Next we do a little preprocessing of the training and test data.  The images are composed of 1 byte per pixel, each byte being a number from 0 to 255.  We divide the arrays by 255 to make each pixel go from 0 to 1.  We also have to "flatten" the images, to change their shape from 28 x 28 to 1 x 784.  

In [0]:
# convert the integer pixel values to floats
x_train = x_train / 255.0
x_test = x_test / 255.0

# reshape the images to be 2-D tensors of 1 x 784 pixels
x_train = x_train.reshape([-1, 1, 784])
x_test = x_test.reshape([-1, 1, 784])

Now we define the neural network itself.  The network is a simple function that takes the inputs X as argument.  It computes the input to each neuron by multiplying the inputs times the weights and adding the biases.  Then it applies the "softmax" activation function to the inputs, to compute the output for each of the 10 neurons.  The softmax function enforces the sum of the outputs to be equal to 1, and it makes the high outputs higher and the low outputs lower, which helps the network "make a choice" between the 10 different digits. The method returns the outputs, a Tensor of 10 elements.

![two layer MNIST network](https://drive.google.com/file/d/1q9h9e0jhSCLrfr4Z4HZVnQbhIZcdWhTL/view?usp=sharing)

In [0]:
# The neural network
def neural_network(X):
  Inputs = tf.matmul(X, W) + b
  Y = tf.nn.softmax(Inputs)
  return Y

The loss function is the same sum of squares function we have seen before.

In [0]:
# The loss function
def loss(Y, Y_l):
  return tf.reduce_sum(tf.square(Y - Y_l))

Here is the training loop.

In [0]:
num_epochs = 1
learning_rate = 0.01

# the outer training loop:  repeat for num_epochs
for e in range(num_epochs):

    # the inner training loop: train on one image and label from the data set
    for image, label in zip(x_train, y_train):

        # convert the image and label to tensors
        X = tf.Variable(image, dtype=tf.float32)
        Y_l = tf.Variable(label, dtype=tf.float32)        

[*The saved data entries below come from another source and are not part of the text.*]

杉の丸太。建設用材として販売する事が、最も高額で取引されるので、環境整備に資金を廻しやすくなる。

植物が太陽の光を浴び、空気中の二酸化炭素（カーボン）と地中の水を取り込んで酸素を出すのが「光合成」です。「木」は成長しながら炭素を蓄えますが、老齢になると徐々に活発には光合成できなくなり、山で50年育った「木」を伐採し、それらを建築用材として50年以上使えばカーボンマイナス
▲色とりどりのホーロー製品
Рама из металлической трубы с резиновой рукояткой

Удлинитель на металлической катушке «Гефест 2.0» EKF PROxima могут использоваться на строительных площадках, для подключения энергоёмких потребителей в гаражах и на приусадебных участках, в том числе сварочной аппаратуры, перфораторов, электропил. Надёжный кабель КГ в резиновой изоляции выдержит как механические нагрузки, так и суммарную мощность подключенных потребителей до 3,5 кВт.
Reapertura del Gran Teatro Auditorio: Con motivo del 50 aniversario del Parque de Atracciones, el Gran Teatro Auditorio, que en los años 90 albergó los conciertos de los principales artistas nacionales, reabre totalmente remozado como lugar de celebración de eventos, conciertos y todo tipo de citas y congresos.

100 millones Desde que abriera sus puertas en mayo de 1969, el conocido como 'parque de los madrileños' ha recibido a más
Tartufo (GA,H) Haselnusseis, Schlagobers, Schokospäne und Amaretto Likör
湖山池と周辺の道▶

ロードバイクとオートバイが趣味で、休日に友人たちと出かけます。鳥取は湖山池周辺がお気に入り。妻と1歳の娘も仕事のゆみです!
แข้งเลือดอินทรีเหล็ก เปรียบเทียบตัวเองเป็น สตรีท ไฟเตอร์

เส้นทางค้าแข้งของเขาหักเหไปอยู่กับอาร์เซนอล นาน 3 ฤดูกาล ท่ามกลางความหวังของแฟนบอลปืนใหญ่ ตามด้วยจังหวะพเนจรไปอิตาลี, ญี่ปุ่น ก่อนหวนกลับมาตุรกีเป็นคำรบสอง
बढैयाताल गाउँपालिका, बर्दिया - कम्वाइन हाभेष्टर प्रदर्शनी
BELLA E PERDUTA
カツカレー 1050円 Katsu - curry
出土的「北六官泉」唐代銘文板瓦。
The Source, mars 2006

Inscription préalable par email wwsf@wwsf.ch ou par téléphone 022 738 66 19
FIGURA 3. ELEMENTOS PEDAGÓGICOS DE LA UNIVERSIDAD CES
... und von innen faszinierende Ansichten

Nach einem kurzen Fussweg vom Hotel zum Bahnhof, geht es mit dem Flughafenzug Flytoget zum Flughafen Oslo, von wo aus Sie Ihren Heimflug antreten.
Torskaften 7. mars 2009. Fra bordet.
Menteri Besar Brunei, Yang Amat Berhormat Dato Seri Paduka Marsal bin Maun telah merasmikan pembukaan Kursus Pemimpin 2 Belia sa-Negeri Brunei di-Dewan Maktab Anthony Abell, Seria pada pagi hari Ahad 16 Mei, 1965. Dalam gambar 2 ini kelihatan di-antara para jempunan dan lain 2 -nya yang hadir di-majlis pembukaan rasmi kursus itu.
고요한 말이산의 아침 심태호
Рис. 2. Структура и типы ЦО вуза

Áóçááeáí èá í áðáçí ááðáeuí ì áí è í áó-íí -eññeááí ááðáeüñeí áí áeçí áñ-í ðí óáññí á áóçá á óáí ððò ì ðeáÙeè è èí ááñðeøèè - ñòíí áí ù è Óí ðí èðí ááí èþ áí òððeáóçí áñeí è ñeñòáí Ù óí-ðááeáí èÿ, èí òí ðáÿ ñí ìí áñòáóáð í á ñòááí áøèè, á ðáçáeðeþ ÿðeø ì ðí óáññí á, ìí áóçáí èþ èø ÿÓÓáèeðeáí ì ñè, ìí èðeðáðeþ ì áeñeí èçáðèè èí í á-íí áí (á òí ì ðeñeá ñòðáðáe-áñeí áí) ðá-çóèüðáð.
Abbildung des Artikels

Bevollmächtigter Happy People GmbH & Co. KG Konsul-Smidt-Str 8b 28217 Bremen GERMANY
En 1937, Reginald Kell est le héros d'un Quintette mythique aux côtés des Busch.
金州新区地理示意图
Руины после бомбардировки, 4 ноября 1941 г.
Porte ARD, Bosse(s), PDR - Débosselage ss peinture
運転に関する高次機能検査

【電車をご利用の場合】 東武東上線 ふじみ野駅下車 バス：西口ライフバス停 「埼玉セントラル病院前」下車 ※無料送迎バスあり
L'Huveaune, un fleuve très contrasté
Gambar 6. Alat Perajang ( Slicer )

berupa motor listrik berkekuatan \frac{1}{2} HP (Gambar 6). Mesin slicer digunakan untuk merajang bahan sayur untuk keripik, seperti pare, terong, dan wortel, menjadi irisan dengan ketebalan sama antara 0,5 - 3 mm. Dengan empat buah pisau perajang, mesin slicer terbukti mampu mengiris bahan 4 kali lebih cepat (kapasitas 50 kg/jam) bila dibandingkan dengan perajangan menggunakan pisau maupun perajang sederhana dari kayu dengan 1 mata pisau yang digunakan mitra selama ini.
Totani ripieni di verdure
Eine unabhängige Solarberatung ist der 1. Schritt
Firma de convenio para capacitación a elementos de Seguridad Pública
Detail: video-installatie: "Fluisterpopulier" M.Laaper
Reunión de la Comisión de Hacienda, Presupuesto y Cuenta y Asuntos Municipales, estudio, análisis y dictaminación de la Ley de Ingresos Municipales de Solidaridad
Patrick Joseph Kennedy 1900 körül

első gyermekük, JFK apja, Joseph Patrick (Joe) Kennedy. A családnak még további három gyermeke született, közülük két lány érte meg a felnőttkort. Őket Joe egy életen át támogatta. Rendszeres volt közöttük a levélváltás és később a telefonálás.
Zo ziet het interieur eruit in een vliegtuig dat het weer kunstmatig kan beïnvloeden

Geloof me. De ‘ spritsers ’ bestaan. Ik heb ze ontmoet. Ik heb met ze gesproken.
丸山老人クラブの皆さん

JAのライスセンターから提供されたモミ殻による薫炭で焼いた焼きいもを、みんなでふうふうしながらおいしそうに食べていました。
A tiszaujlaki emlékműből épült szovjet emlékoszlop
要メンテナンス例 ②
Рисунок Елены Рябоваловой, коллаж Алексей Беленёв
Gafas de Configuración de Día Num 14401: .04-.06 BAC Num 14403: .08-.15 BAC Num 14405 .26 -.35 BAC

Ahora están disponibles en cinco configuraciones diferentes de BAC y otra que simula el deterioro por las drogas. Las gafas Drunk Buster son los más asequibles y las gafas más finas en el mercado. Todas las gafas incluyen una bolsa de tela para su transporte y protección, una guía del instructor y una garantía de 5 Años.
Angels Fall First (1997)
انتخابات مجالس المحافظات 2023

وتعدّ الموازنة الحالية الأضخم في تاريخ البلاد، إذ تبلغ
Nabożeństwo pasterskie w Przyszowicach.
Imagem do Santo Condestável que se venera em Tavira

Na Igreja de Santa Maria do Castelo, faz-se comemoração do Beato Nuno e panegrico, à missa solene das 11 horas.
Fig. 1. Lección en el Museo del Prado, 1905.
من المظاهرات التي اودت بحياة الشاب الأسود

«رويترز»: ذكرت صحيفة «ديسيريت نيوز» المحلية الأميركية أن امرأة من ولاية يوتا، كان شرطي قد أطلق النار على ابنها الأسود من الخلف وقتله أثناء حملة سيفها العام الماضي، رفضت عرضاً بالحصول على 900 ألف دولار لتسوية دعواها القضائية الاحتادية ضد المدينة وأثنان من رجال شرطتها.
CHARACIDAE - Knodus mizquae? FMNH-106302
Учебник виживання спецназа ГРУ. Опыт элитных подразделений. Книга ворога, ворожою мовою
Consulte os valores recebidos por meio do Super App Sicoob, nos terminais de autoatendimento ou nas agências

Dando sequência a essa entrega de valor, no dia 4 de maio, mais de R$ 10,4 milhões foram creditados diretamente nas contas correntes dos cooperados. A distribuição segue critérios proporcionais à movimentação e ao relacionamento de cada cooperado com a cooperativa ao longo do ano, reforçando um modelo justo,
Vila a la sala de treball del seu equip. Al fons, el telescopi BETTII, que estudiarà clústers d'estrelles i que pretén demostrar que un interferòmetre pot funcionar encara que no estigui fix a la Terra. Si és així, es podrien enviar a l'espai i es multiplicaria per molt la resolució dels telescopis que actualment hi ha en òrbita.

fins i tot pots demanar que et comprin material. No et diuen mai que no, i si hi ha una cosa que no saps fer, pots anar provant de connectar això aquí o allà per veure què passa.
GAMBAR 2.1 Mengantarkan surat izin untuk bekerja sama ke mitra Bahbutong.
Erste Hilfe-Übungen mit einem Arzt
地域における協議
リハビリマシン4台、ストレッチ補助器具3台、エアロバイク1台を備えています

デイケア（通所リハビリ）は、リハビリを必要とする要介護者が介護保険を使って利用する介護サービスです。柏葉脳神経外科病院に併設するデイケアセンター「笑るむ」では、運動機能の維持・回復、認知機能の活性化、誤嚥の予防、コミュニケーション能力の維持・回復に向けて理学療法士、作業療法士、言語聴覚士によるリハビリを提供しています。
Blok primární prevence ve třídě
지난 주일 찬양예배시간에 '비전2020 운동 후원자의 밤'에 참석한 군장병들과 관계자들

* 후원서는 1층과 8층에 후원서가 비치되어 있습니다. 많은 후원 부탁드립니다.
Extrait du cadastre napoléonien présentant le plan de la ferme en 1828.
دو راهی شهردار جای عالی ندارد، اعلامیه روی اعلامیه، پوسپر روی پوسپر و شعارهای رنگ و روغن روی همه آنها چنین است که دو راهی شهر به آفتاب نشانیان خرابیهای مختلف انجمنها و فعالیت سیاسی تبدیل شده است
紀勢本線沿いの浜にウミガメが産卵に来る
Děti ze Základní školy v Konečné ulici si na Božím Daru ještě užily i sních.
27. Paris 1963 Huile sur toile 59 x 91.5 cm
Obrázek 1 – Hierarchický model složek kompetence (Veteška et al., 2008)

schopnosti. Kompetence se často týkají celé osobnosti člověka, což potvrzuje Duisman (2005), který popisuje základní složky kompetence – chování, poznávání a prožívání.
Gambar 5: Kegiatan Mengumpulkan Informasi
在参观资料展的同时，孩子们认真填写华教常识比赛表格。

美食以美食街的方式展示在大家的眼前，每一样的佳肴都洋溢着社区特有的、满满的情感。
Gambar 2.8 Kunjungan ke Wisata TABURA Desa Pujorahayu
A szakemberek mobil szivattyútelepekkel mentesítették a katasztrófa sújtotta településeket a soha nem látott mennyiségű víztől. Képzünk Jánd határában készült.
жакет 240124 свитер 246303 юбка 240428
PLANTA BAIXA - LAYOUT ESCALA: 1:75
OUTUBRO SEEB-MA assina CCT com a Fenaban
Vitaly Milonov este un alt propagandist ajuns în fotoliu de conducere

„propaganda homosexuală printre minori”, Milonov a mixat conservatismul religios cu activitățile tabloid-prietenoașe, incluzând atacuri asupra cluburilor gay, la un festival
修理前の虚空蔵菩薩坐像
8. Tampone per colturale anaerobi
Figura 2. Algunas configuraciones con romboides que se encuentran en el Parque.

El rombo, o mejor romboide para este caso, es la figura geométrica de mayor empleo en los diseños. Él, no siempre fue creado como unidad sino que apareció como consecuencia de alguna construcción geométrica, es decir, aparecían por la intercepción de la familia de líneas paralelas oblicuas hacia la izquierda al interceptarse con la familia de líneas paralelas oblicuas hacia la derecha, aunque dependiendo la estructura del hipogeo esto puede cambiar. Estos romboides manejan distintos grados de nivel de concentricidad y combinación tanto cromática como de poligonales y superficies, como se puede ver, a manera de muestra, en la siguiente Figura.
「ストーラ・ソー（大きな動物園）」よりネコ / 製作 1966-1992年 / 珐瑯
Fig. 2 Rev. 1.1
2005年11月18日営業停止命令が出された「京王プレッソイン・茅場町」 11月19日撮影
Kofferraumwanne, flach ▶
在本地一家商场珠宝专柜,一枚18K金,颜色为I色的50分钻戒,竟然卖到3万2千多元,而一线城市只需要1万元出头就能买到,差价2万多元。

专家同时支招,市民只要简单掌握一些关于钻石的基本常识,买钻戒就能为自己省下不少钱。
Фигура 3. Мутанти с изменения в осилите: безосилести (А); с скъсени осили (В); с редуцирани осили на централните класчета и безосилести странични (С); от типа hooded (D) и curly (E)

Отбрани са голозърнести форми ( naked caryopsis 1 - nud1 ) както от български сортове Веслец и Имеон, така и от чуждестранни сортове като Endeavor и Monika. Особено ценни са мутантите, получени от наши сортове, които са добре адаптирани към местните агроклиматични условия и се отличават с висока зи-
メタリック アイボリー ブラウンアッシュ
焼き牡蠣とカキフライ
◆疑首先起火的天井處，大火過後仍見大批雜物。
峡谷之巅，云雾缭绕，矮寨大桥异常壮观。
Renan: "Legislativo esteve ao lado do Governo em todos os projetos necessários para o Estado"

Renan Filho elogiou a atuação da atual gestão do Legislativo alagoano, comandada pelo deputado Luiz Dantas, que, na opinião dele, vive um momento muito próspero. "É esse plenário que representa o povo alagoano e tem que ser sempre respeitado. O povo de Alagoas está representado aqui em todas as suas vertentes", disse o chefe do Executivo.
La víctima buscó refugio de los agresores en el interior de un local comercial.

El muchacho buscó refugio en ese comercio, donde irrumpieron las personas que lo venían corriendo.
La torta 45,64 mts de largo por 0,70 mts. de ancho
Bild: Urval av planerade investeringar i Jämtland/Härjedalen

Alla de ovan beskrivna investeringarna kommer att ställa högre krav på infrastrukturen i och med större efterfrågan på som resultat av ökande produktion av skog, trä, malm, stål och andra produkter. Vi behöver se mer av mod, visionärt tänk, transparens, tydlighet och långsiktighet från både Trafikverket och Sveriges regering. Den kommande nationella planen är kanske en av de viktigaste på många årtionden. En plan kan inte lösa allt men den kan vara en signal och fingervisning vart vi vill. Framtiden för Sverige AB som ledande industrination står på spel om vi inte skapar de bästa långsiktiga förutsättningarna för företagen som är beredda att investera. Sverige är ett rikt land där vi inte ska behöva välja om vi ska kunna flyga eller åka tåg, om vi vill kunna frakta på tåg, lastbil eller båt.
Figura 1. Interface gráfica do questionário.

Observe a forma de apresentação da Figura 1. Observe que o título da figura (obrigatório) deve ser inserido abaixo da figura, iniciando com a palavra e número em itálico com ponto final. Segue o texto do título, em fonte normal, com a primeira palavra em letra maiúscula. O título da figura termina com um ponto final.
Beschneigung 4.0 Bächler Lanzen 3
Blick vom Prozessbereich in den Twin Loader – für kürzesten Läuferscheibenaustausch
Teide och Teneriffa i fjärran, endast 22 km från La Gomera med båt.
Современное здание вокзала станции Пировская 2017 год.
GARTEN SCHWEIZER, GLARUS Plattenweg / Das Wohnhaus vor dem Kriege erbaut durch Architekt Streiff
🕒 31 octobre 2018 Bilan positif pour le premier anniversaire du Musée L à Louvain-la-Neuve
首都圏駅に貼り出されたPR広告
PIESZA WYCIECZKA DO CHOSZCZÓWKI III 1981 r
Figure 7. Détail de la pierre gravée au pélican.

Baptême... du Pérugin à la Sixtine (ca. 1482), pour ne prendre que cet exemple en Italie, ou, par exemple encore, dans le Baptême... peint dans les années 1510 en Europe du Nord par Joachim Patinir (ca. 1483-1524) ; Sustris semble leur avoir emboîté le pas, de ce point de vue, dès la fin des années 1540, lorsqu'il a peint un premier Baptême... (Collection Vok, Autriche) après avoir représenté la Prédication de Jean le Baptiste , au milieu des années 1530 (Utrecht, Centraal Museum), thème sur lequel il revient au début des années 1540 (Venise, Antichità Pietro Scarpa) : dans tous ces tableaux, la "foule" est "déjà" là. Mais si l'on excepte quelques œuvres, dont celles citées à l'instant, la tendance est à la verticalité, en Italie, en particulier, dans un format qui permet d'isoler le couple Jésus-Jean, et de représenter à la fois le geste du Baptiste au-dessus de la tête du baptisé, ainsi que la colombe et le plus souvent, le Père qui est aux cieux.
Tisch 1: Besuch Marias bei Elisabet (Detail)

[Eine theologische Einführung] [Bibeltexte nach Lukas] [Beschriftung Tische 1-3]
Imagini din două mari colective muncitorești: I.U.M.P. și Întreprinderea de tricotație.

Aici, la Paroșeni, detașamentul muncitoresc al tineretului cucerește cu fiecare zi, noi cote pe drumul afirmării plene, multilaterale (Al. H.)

        # we wrap this 'with' statement around the next two lines, to tell 
        # TensorFlow to auto-compute the gradients
        with tf.GradientTape() as tape:
            # now get the output of the neural net
            Y = neural_network(X, W, b)

            # compute the loss function 
            current_loss = loss(Y, Y_l)

        # compute the gradients of the weights and biases with respect to the
        # loss function
        dW, db = tape.gradient(current_loss, [W, b])

        # update the weights and biases, by multiplying the gradients by the
        # learning rate
        W.assign(W + learning_rate * dW)
        b.assign(b + learning_rate * db)

        print(current_loss.numpy())